__YOUR INSTRUCTIONS__
Only the text of the records belongs in the answer, copied exactly and without pictures.
***
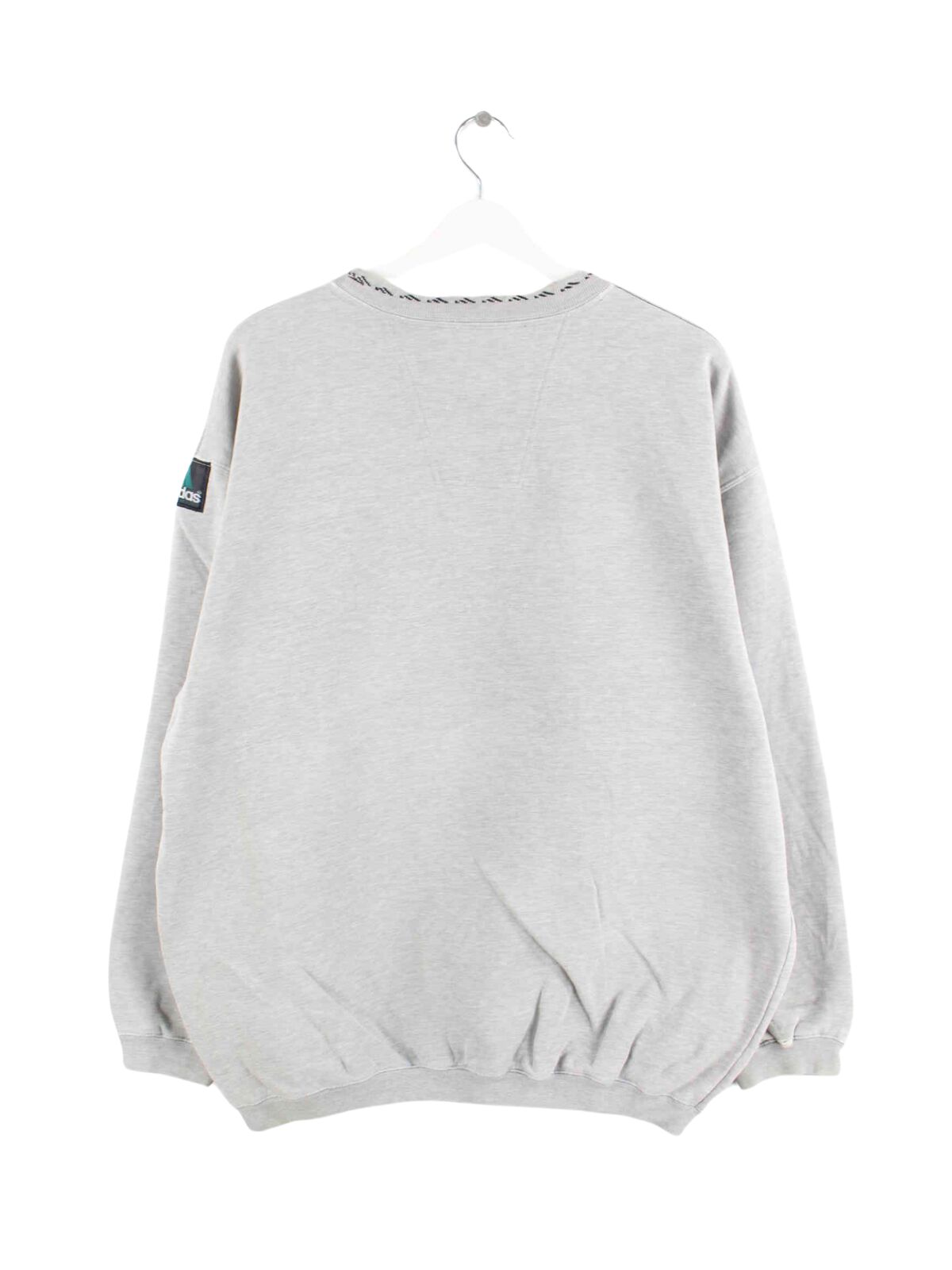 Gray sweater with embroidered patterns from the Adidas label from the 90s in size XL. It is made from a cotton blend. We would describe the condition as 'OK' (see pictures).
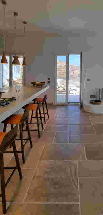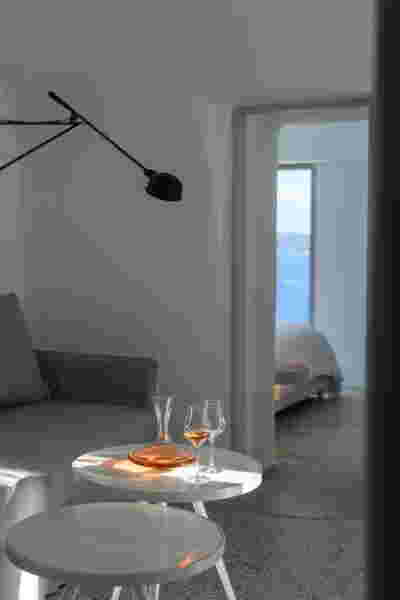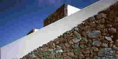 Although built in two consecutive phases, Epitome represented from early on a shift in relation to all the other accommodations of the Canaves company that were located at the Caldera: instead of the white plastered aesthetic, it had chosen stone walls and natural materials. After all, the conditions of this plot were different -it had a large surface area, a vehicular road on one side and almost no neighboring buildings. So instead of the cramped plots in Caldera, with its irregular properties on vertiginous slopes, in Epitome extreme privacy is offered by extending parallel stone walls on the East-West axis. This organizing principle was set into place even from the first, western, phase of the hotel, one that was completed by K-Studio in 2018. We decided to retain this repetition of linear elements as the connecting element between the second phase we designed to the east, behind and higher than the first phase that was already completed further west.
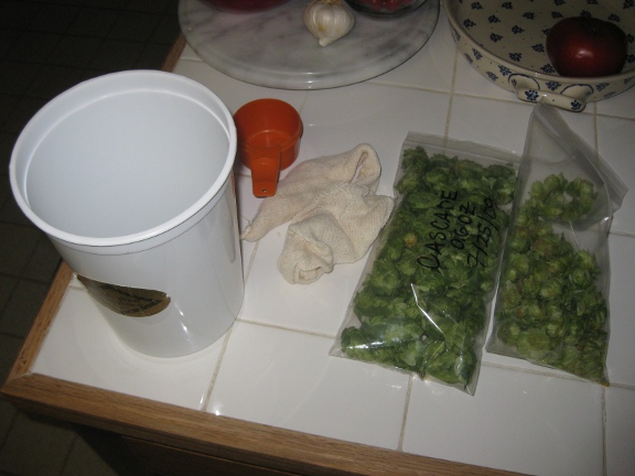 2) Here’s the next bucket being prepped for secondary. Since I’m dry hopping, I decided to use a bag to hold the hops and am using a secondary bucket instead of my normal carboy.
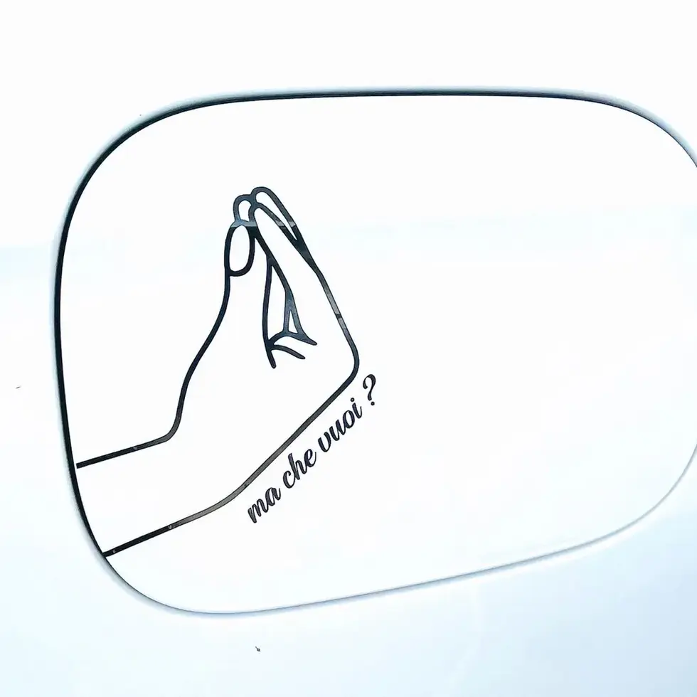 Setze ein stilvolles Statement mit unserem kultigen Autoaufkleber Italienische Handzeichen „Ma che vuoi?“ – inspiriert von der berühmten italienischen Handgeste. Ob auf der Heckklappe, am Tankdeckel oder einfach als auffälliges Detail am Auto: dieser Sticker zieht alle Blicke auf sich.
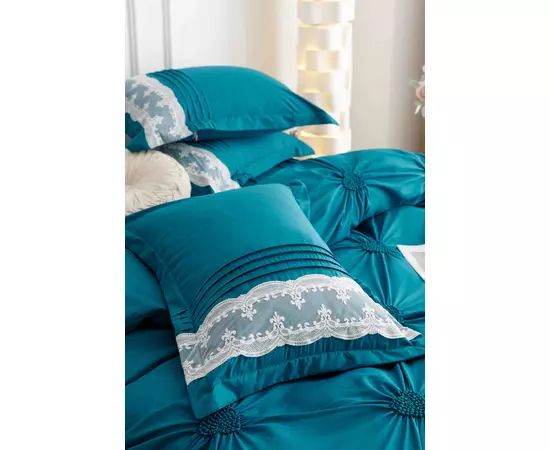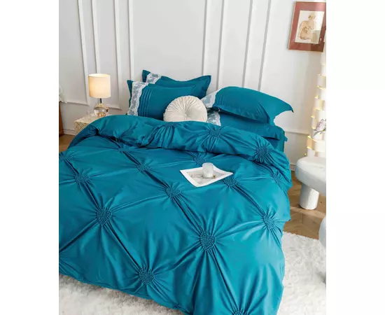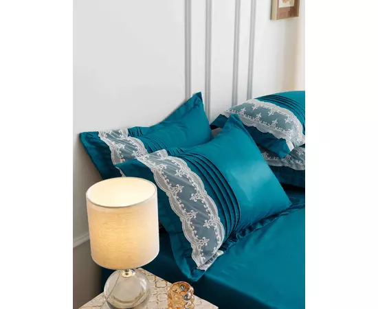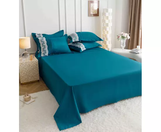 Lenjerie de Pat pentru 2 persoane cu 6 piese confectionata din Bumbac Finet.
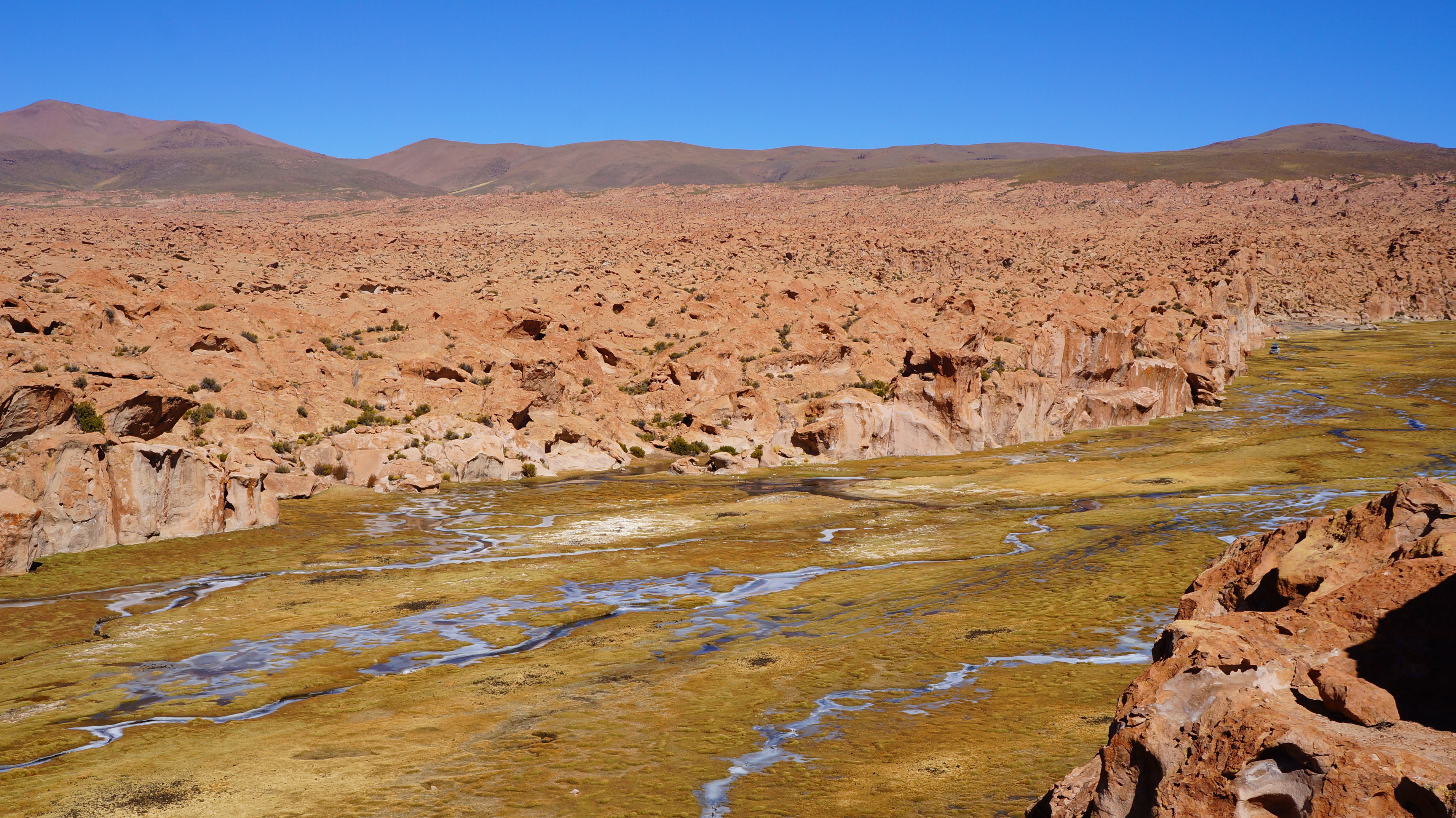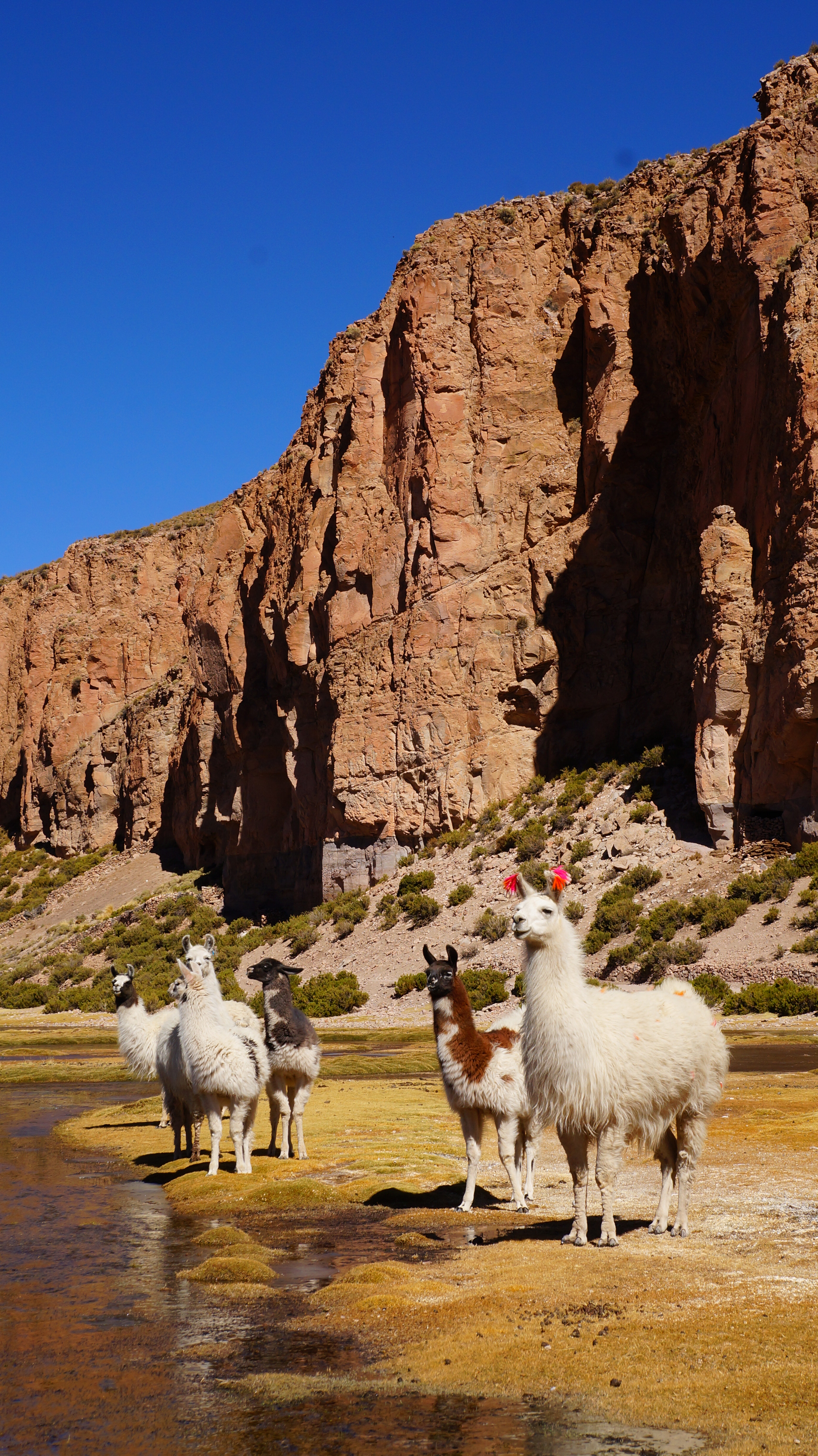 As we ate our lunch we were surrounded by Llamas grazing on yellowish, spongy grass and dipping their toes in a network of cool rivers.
***
__PROBLEM SOLUTION__
 Gray sweater with embroidered patterns from the Adidas label from the 90s in size XL. It is made from a cotton blend. We would describe the condition as 'OK' (see pictures).
 Although built in two consecutive phases, Epitome represented from early on a shift in relation to all the other accommodations of the Canaves company that were located at the Caldera: instead of the white plastered aesthetic, it had chosen stone walls and natural materials. After all, the conditions of this plot were different -it had a large surface area, a vehicular road on one side and almost no neighboring buildings. So instead of the cramped plots in Caldera, with its irregular properties on vertiginous slopes, in Epitome extreme privacy is offered by extending parallel stone walls on the East-West axis. This organizing principle was set into place even from the first, western, phase of the hotel, one that was completed by K-Studio in 2018. We decided to retain this repetition of linear elements as the connecting element between the second phase we designed to the east, behind and higher than the first phase that was already completed further west.
 2) Here’s the next bucket being prepped for secondary. Since I’m dry hopping, I decided to use a bag to hold the hops and am using a secondary bucket instead of my normal carboy.
 Setze ein stilvolles Statement mit unserem kultigen Autoaufkleber Italienische Handzeichen „Ma che vuoi?“ – inspiriert von der berühmten italienischen Handgeste. Ob auf der Heckklappe, am Tankdeckel oder einfach als auffälliges Detail am Auto: dieser Sticker zieht alle Blicke auf sich.
 Lenjerie de Pat pentru 2 persoane cu 6 piese confectionata din Bumbac Finet.
 As we ate our lunch we were surrounded by Llamas grazing on yellowish, spongy grass and dipping their toes in a network of cool rivers.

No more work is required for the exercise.